После этого я не виделся с мистером Х. дня два или три. Но во вторник вечером он вошел ко мне пошатываясь и, теряя последние силы, рухнул в кресло. Он был бледен, измучен; от него оставалась одна тень. Он поднял на меня свои угасшие глаза и начал:
Ах, Марк, каким погибельным приобретением оказались эти жестокие вирши. Они все время терзали меня, словно кошмар, днем и ночью, час за часом, вплоть до этой самой минуты. С тех пор как мы с тобой расстались, я мучаюсь, как грешник в аду. В субботу утром меня неожиданно вызвали телеграммой в Бостон, и я выехал с ночным поездом. Умер один из моих старых друзей, и я должен был исполнить его просьбу сказать на его похоронах надгробное слово. Я занял свое место в вагоне и принялся за сочинение проповеди. Но я так и не пошел дальше вступительной фразы, потому что, как только поезд тронулся и колеса завели свое «та-та́, тра-та-та́! та-та́, тра-та-та́», так сейчас же эти проклятые вирши приспособились к стуку колес. Целый час я сидел и подгонял под каждое отдельное стуканье каждый отдельный слог. От этого занятия я так измаялся, будто колол дрова целый день. Голова у меня просто лопалась от боли. Мне чудилось, что я непременно сойду с ума, если буду так сидеть, поэтому я разделся и лег. Я растянулся на койке... ну, ты сам должен понять, что из этого вышло. Продолжалось все то же «тра́-та, та́-та, синий стоит, тра́-та, та́-та, восемь центов; тра́-та, та́-та, желтый стоит, тра́-та, та́-та, девять центов», — и пошло, и пошло, и пошло: «Режьте, чтобы видел пассажир дорожный», Сон? Ни в одном глазу. Приехал я в Бостон окончательно свихнувшимся. Насчет похорон лучше не спрашивай. Я делал все, что мог, но каждая торжественная фраза была неразрывно спутана и сплетена с «Режьте, братцы, режьте, режьте осторожно!» А самое плачевное было то, что моя дикция подчинилась размеренному ритму этих пульсирующих стихов, и я видел, как некоторые рассеянные слушатели мерно кивают в такт своими безмозглыми головами. И верь или не верь, Марк, дело твое, — я еще не добрался до конца, а уже все мои слушатели, сами того не зная, кивали торжественно и в унисон все как один, даже гробовщик и факельщики. Договорив, я выскочил в прихожую в состоянии, близком к исступлению. И надо случиться такому счастью: я тут же наткнулся на старую деву, тетушку покойного, всю в слезах, — она только что приехала из Спрингфилда и опоздала в церковь. Тетушка громко зарыдала и начала:
— Ах, ах, он скончался, а я так и не повидалась с ним перед смертью!

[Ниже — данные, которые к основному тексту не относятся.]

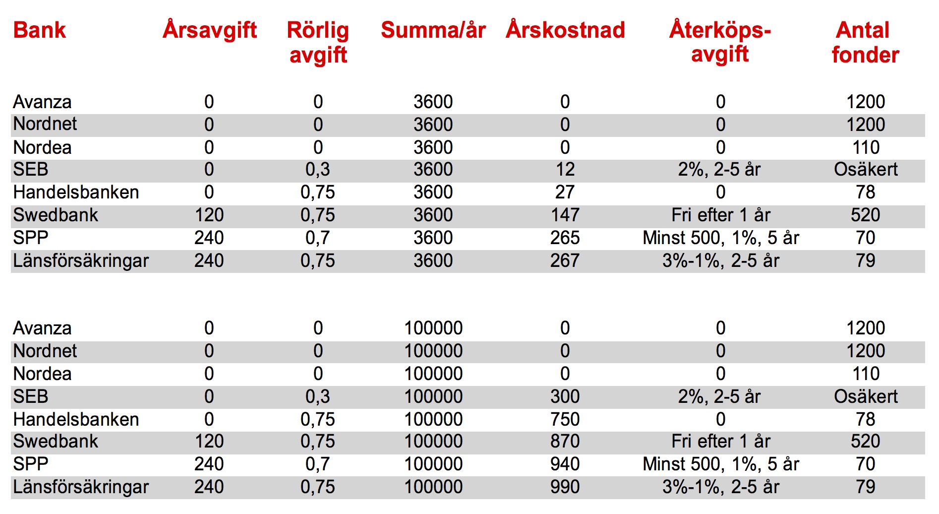- Alla fonder (nästan) tar ut en avgift. Den kallas för förvaltningsavgift och kan vara allt från rimlig till orimlig. Vad som kan anses vara orimligt är lite svårt att bestämma exakt. Det beror på vilken sorts fond det är. (En indexfond bör inte kosta mer än 0,4 %, en aktivt förvaltad aktie bör inte kosta mer än 1 – 1,5 %, en tillväxtmarknadsfond bör inte kosta mer än 1,5 – 2 %) Denna avgift kommer nämligen att gröpa ur din avkastning ganska mycket över tid!

— Да, — сказал я, — он скончался, он скончался, он скончался, — неужели эта мука никогда не прекратится?
— Ах, так вы его любили! Вы тоже любили его!
— Любил его! Кого его?
— Ах, его! Моего бедного Джорджа, моего несчастного племянника!
— Гм, его! Да... о да, да! Конечно, конечно! «Режьте, братцы...» О, эта пытка меня доконает!
— Благослови вас господь, сэр, за ваши сердечные слова. Я тоже страдаю от этой невозвратимой утраты! Скажите, вы присутствовали при его последних минутах?
— Да! Я... при чьих последних минутах?
— Его, нашего дорогого покойника.
— Да! О да, да, да! Полагаю, что да, думаю, что да. Не знаю, право! Ах да, конечно я там был, да, да, был!
— Ах, как я вам завидую, как завидую! А его последние слова? Скажите же мне, скажите, ради бога, какие были его последние слова?
— Он сказал... он сказал... ох, голова моя, голова... Да, он все твердил: «Режьте, братцы, режьте, режьте осторожно!» Ах, оставьте меня, сударыня! Во имя всего святого, оставьте меня с моим безумием, с моей мукой, с моей пыткой! «Желтый стоит девять центов, красный стоит только три...», нет сил терпеть более... «Осторожней режь, смотри!»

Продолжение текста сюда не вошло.